Second generation Google Tensor chips
One of the main points of discussion with the Pixel 6 and Pixel 6 Pro was its use of Google’s special Tensor chips. Like Apple and Samsung, which use Series A and Quad chips in their flagships (although Samsung still uses Qualcomm Snapdragon chips), Google has taken a big step to control the design and production of processors installed in its devices. .
Such an investment is undoubtedly long-term, and 9to5Google has already provided information about a potential clue to the arrival of 2nd generation Tensor chips when it sees the code name “Cloudripper” associated with the GS201 model number, which could represent the new silicone. Sounds a bit complicated, but there are different codes that manufacturers use during product development, and 9to5Google’s detective work is a sure sign that the new Pixel will come with the latest versions of Tensor chips.
The same site has found more details since then; The code names Cheetah, Panther and Ravenclaw have been added to the Samsung modem, the Exynos Modem 5300, which will probably be used with the new Tensor chip.
9to5Google reports that Cheetah and Panther are referring to the Pixel 7 and 7 Pro with new big cat code names after previous generations used birds and fish. The third code name – Ravenclaw – is believed to be more than just a reference to Harry Potter. This is potentially a mix of the Pixel 6 Pro’s code name “Raven” with the new device’s cat paw theme, perhaps referring to a tester that uses a new Tensor 2 chip inside the Pixel 6 Pro.
No criteria have been set for any of these devices yet, so we don’t know how they will be compared to their 2nd generation predecessors, but we expect Google to work on energy efficiency and performance improvements, as with any iteration. processors.
The first leaked images confirm the report we saw from Mishaal Rahman on the XDA Developers website that the Pixel 7 will be equipped with only two rear cameras. The code that Google analyzed for the Camera app shortly before the release of the Pixel 6 devices suggests that the 2022 Pixel will most likely have an ultra-wide camera like the Pixel 6 and 6 Pro, but with a telephoto camera.
This is the same as the Pixel 6 with a telephoto reserved only for the Pro model, but in 2022 it looks a bit heavy compared to many potential competitors.
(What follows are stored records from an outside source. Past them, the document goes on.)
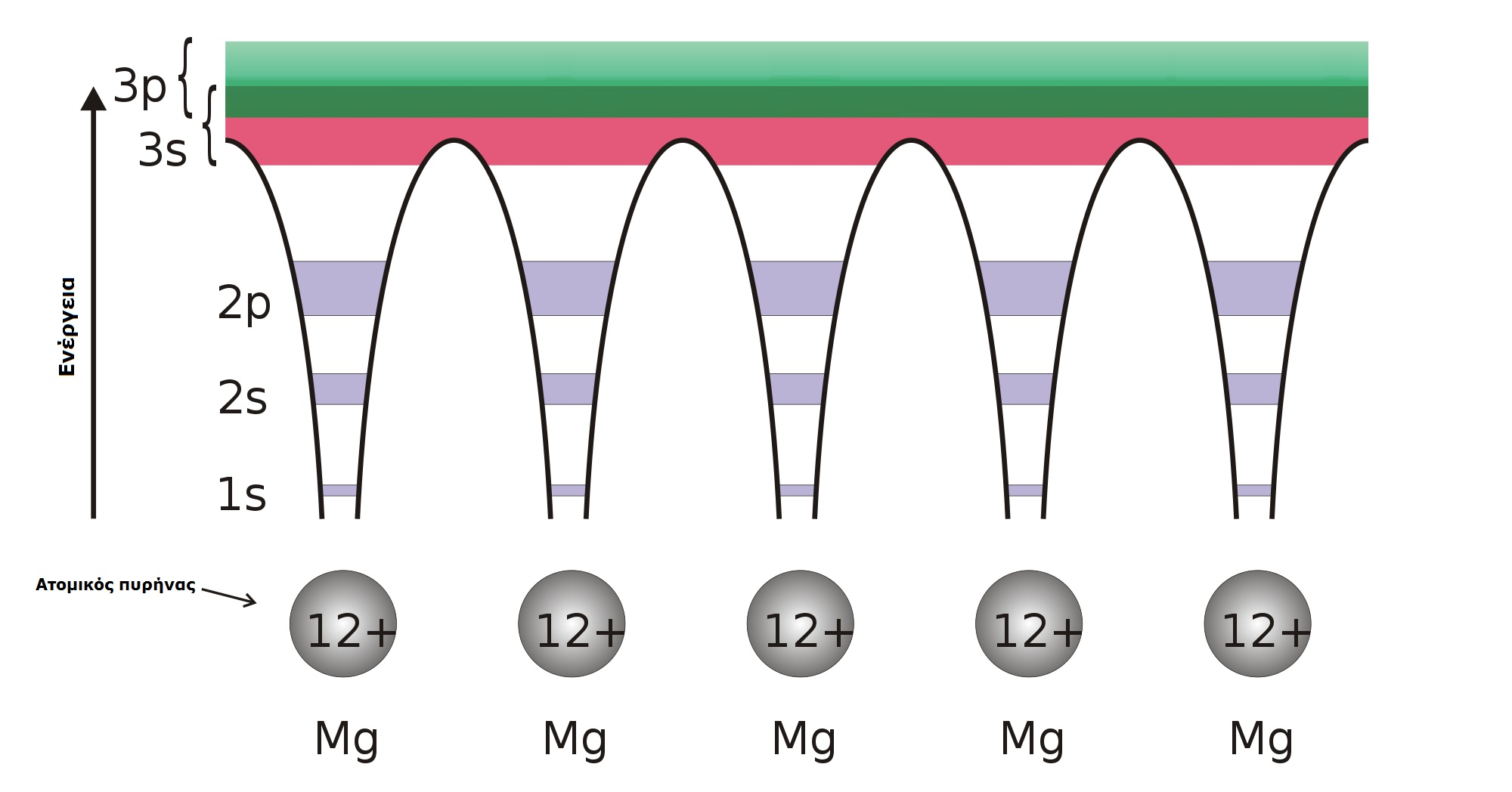 Energy bands in Mg.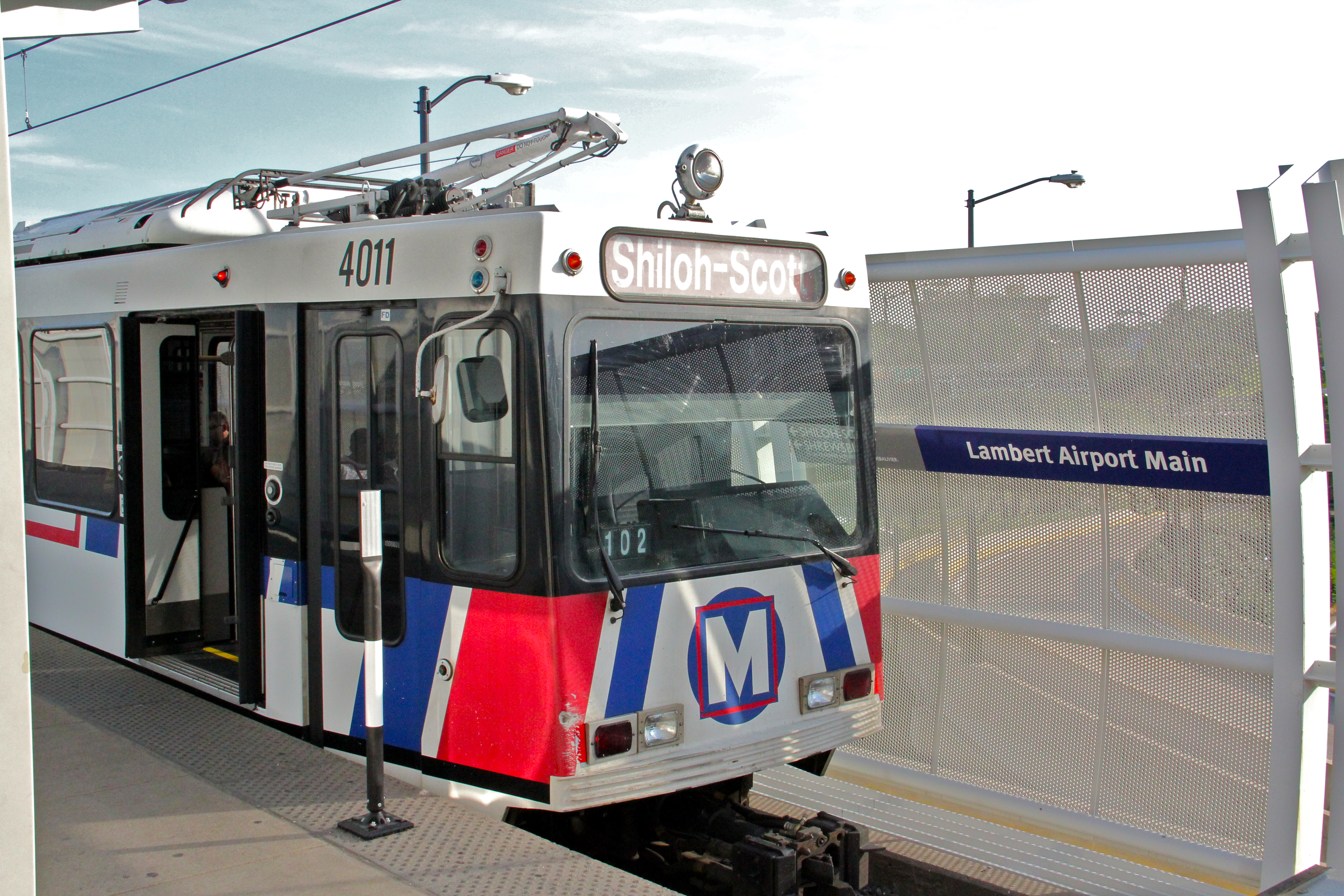 St. Louis metro features a light rail connection direct from the international airport directly to downtown St. Louis in less than 30 minutes Update: As seen on our wedding website showing visitors to St. Louis how to get around town using public transportation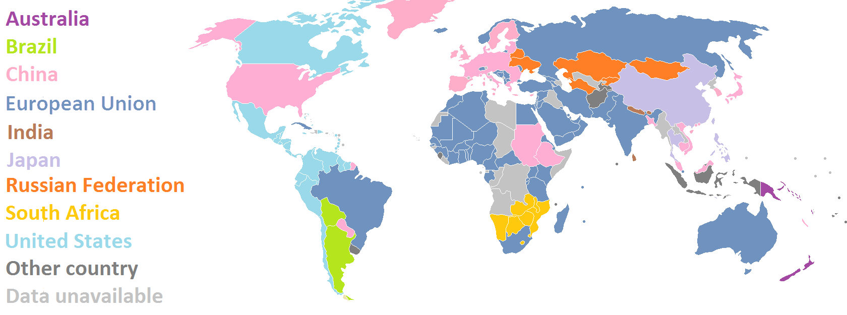 Identified economies which are the largest source of imports for country/economy denoted on map. Derived from WTO online data, public access 2010.

There’s good reason to think that Rahman’s code dive may not actually belong to the Pixel 7. First, although the Pixel 6 and 6 Pro have separate code names (Oriole and Raven), this phone is listed with only one (Pipit). This is a name that other sources associate with a Pixel foldable phone instead of 7, so this may be a hint of the phone’s camera features. Again, we were surprised to see a telephoto lens at the base of the Pixel 7 at this point.
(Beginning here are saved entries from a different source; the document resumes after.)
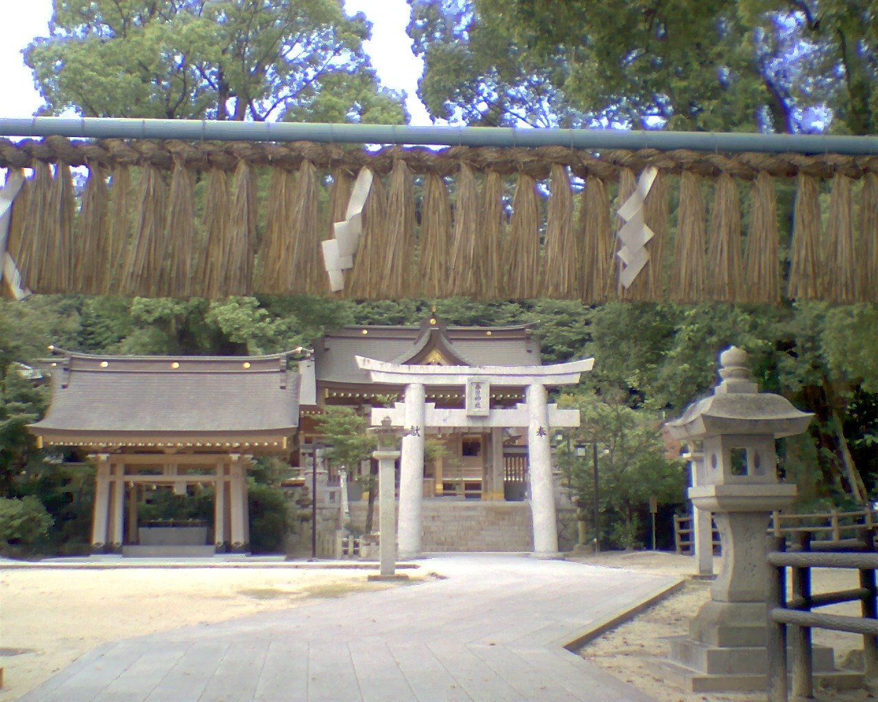 This photograph is a Torii and the pilgrimage route on a shrine(Jinja) named 'Kasuga shrine' (or 'Kasuga jinja' , ja : '春日神社'), in the Kasuga city, Fukuoka prefecture, Japan.Tradition says that this shrine originated with onshrine in Amenokoyaneno-mikoto by the Prince Nakanooe (Emperor Tenchi) long ago, and its famous for the new year's event 'Kasuga no Mukooshi'(ja : '春日の婿押し').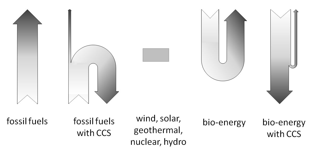 Carbon flow schematic of different energy source, including systems with carbon capture and storage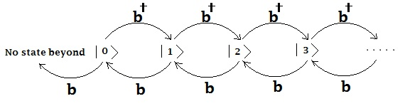 Pictorial visualization of action of creation and annihilation operators on single mode fock state.

What we want to see in Google Pixel 7
Although very little is known about the Pixel 7, we can take this opportunity to bring our containers to Google to beg and ask for a little more than we got with the Pixel 6.
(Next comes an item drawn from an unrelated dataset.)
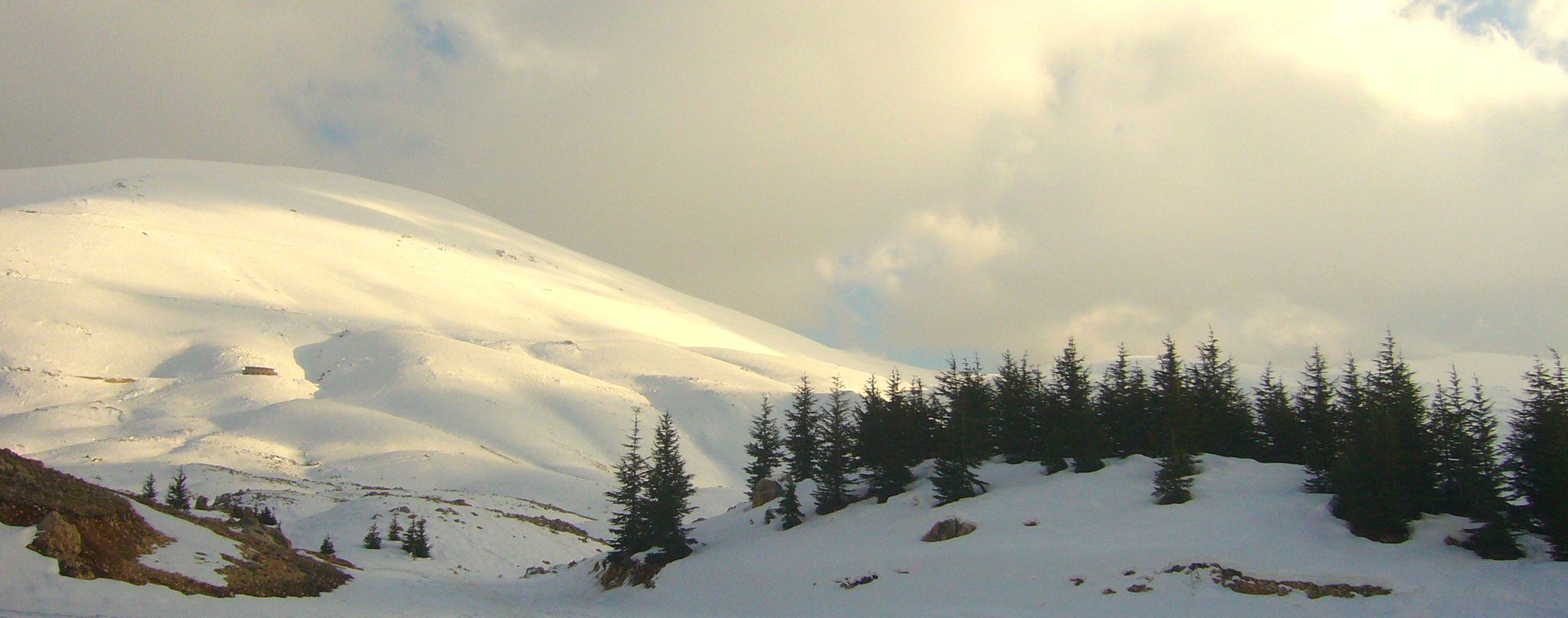 "Kornet Al Sawda Mountain", Lebanon; Photography by Wissam Shekhani on November 2011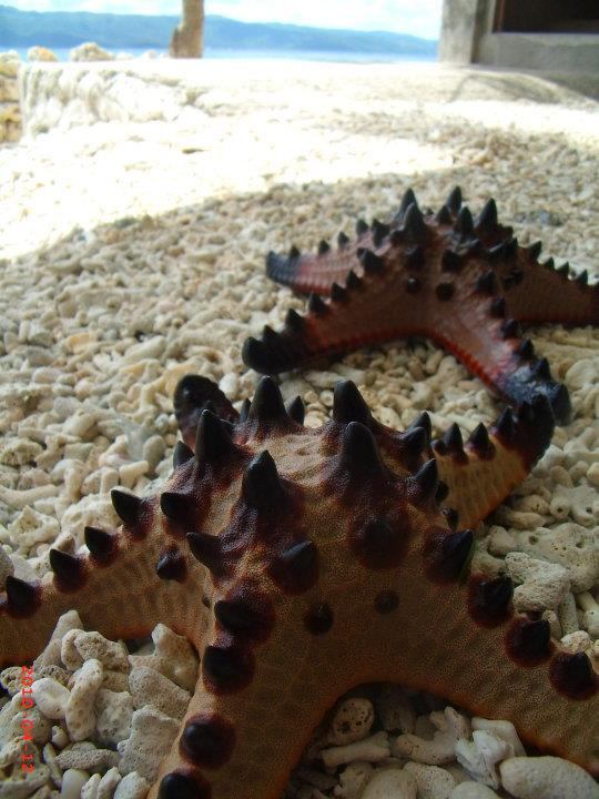 dalupiri3

One of the main improvements we want to see is the reduction in the size of the Pixel 6. At 207 g, it is a heavy animal, so weight loss will make the whole experience more enjoyable for the user.
The lack of a third camera on the standard Pixel 7 is a bit overlooked at this price point when competing with other phones’ triple and even quad camera configurations, so we hope Google raises the stakes a bit. with the new model.
In our review of Google Pixel 6, we saw very good battery life, the only downside is the slow 30 W charging capabilities, which rarely reach these speeds. This can be done by increasing the speed types that are common on Chinese devices that can charge from 0% to 100% in less than 30 minutes.
The Pixel 6 and 6 Pro were excellent interpretations of the pure Google smartphone, so we’re excited to see what happens in 2022 when the new versions are released. We will continue to update this article as more news arrives, so check back regularly. Until then, you can read our summary of the best news phones coming in 2022.